Establish processes that best fit your practice's capabilities to successfully connect patients with the needed community resources and programs. Develop an in-house program and designate a staff member to be a patient navigator, or partner with community resource groups that can act as a patient navigator. Consider utilizing digital solutions like apps, email, texts, and other automated outreach solutions.  

  • Patient Navigators - someone who supports patients and families through treatment and care, connects them to community resources, provides education on health conditions, helps to follow-up with providers, and guides patients across the care continuum
  • Community Resource Coordination Groups (CRCGs) - County-based groups of local partners and community members that work with parents, caregivers, youth and adults to identify and coordinate services and supports, including behavioral health, basic needs and caregiver support. They help people whose needs can't be met by one single agency and who would benefit from interagency coordination.
  • Insurance plan case management/care coordination - Navigate to the Payors section on the HCMS Billing and Payors page for links to health plan case management/care coordination.
  • NowPow App - a personalized community referral platform that uses a digital platform and data analytics to connect patients in under-resourced neighborhoods to nearby vital health and social services.

Step 5: Identify reimbursement, coding, and documentation requirements:

Develop documentation, ICD.10, and CPT coding protocols to accurately report SDOH services provided. Collect this data to assess and refine your SDOH services. Correct coding may also assist payors in identifying patients with SDOH needs for possible intervention and outreach.

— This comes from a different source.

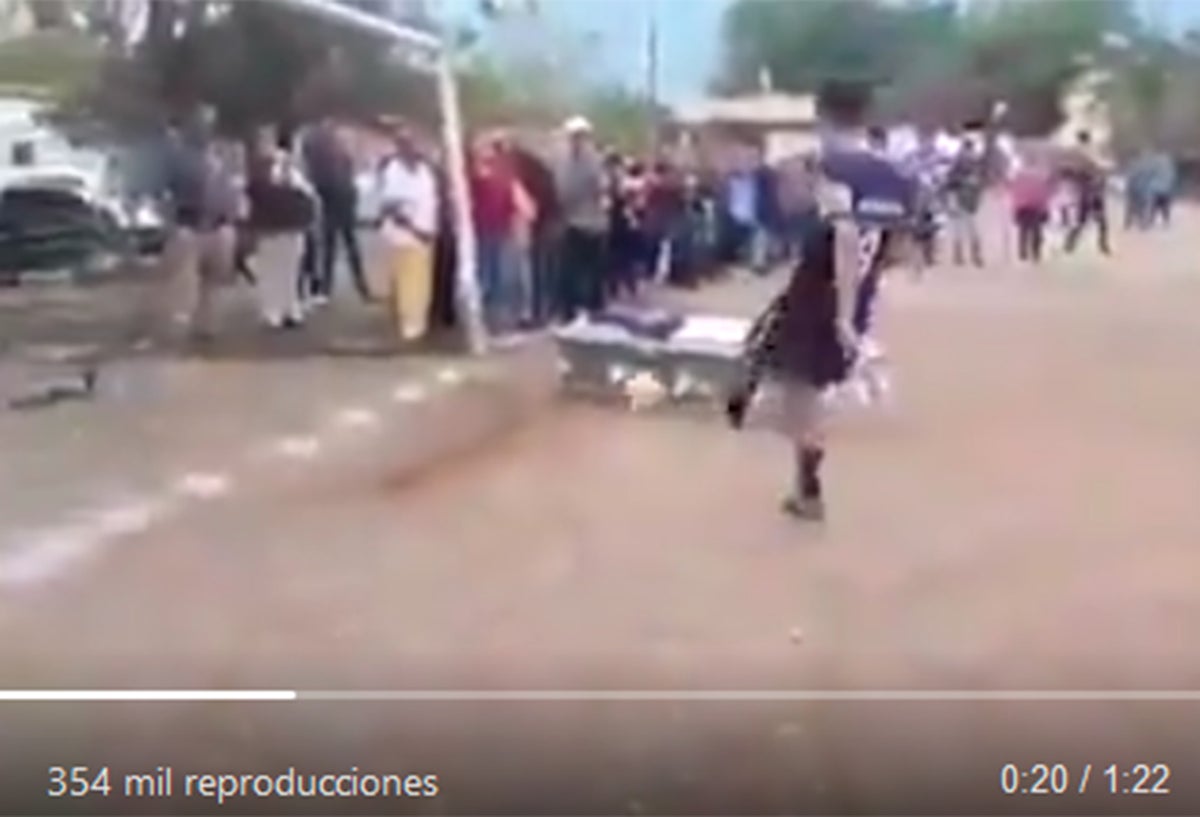 En las imágenes se aprecia cómo los futbolistas simulan un compromiso y uno de ellos asiste a su delantero Acuña, que desde el ataúd anotó. También se aprecia una gran conglomeración de gente y se puede escuchar el llanto de varios de los presentes.

Additionally, when appropriate, bill for the SDOH screening using the applicable CPT and ICD.10 codes (see the American Academy of Pediatrics for guidance).  Also, screening for SDOH is now reflected in the evaluation and management (E/M) Medical Decision Making (MDM) Table of Risk. Depending on the significance of the impact of a patient’s socioeconomic status on the diagnostic or treatment options, the encounter may be considered moderate risk reported with codes 99204 and 99214.

To capture data on the social needs of patients, applicable ICD-10-CM codes should be reported on the claim to identify non-medical factors that may influence a patient’s health status. A list of the SDOH diagnosis codes can be found in the ICD-10 manual in the range of Z55-Z65 (code to the highest specificity). Check for coding updates regularly to avoid claim rejections/denials as the codes to report SDOH change frequently.